I'm sure there are some group therapy sessions with somewhat sober members of the community who share their "winter brown" afflictions. Locking down and talking it through with flakes who come together with other flakes to cry about the lack of snowflakes might do some good. Their stories must drone on and on in a seemingly endless deluge of self-absorption, pity, and loathing. That could last until September when they all walk outside and discover that their bummer bunker convalescence overshot its mark. At least there'd be time enough to participate in the last games of the group therapy co-ed summer softball playoffs. I'd like to see the "PornBots" take on the "Coke Monkeys", and the "Obssessors" butt heads with the "Yankees" in the consolation games, and the "Sexaholics" square off with the "She-Dudes" in the finals.
There's always the seemingly tried and true method of leaving town on a plane for a few days. Clammy afternoons with the subtle stench of competing wafts of sulfur from factories on the outskirts of town can be only as close as your memories when you're in the friendly skies. (Where are all of the factories that make breath mints and how can we attract one?)
Lifting out of the blanket of cold, icy smog over Lambert Field and touching down in Palm Desert, California where everything is a hue of pink and everyone's skin tone is firmly in the earth tones -- feels really good-much like being Brad Pitt's thong. His wife's-not actually Brad Pitt's.

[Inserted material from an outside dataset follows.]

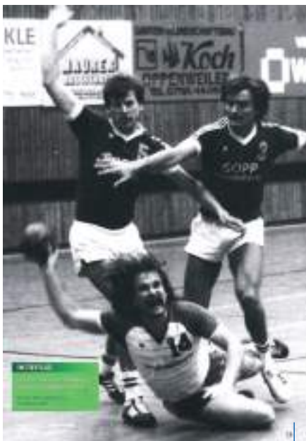
Großer Oberliga Kampf gegen Oppenweiler im Jahre 1985

Gehörig Zeit benötigten die Fusionsgespräche zwischen der TSG und dem seit 1955 existierenden SV Rehenhof. Am 7.Juni ist es so weit: Der Turn- und Sportbund Schwäbisch Gmünd 1844 e.V. wird aus der Wiege gehoben. Außerordentlich hohe Ziele setzt

It's a sobering reality check lifting from the luminance of Palm Desert and sinking back through the layers of air detritus and yellow stratus 4 hours later to see the monolithic, sterile St.Louis Arch and the mocha bricked stoops and factories underneath the plane while the captain tells the cabin that it's 36 degrees, overcast, with splotches of muddy slush on the runway. Translation: "Southern Californians, welcome to Swampeast Missouri-the Armpit of the Show-Me State. Swampeast Missourians, welcome home. You are the hairs beneath our wings." It's the stuff of Dante's Inferno-like leaving a warm softcore porno and entering a huge open-air set of Hee-Haw. It's a short-term fix that reaffirms that fact that you live in the absolute buttliest region in the United States during the nether worldly time period between the two equinoxes.
To anyone stuck in "the browns", it's time to catch up on shut eye, hibernate, and keep the faith that beneath our fudgy earth there is a crocus waiting to pop up and maybe a blade of grass or two-I'd take a few weeds-or even moss-I'd even spray paint it-- but whatever happens-we must all keep our heads up and pretend that we will once again see a day when the sun shines on our Achilles tendon above the smelly foot that's lodged directly into the best Bootheel in the United States.